Schädliche gute Absicht

Gegenüber dem Verweis des UNO-Generalsekretärs, dass Bonn die Lage verschärfe, hat sich Genscher mit der Behauptung verteidigt, sie verschlechtere sich ohnehin jeden Tag. Das ist ebenso richtig wie die Erkenntnis, dass Europa einen grausamen Krieg vor seiner Haustür nicht hinnehmen könne. Aber es ist nicht genug, denn vor allem kommt es auf das Wie des Eingreifens an. Und da kommen wir nicht an der Einsicht vorbei, dass uns Amerikaner, Briten und Franzosen aus verschiedenen Gründen nicht zu folgen bereit sind. Insbesondere für Genscher muss das enttäuschend sein, für den hier das Wort gilt, dass nichts schädlicher ist als eine gute Absicht.

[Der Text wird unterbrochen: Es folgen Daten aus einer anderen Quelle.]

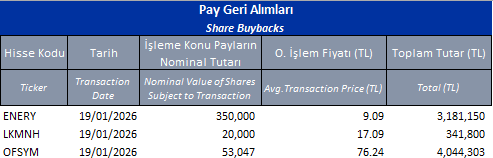 Pay geri alım programları kapsamında ilgili tarihte geri alım yapan şirketlerin listesini aşağıdaki tabloda bulabilirsiniz.

Als einer der Gralshüter des KSZE-Prozesses hatte er gehofft, dass dessen Prinzipien hilfreich beim Wandel im Osten sein könnten, dass sie sowohl den Zerfall der Sowjetunion bremsen als auch bei der Durchsetzung des Selbstbestimmungsrechtes helfen könnten. Die KSZE ist jedoch so tot wie die alte Weltordnung, aus der sie entstanden ist. Deutsche Außenpolitik ist schwieriger geworden.



Quelle: Dieter Schröder, „Der deutsche Alleingang“, Süddeutsche Zeitung, 21. Dezember 1991.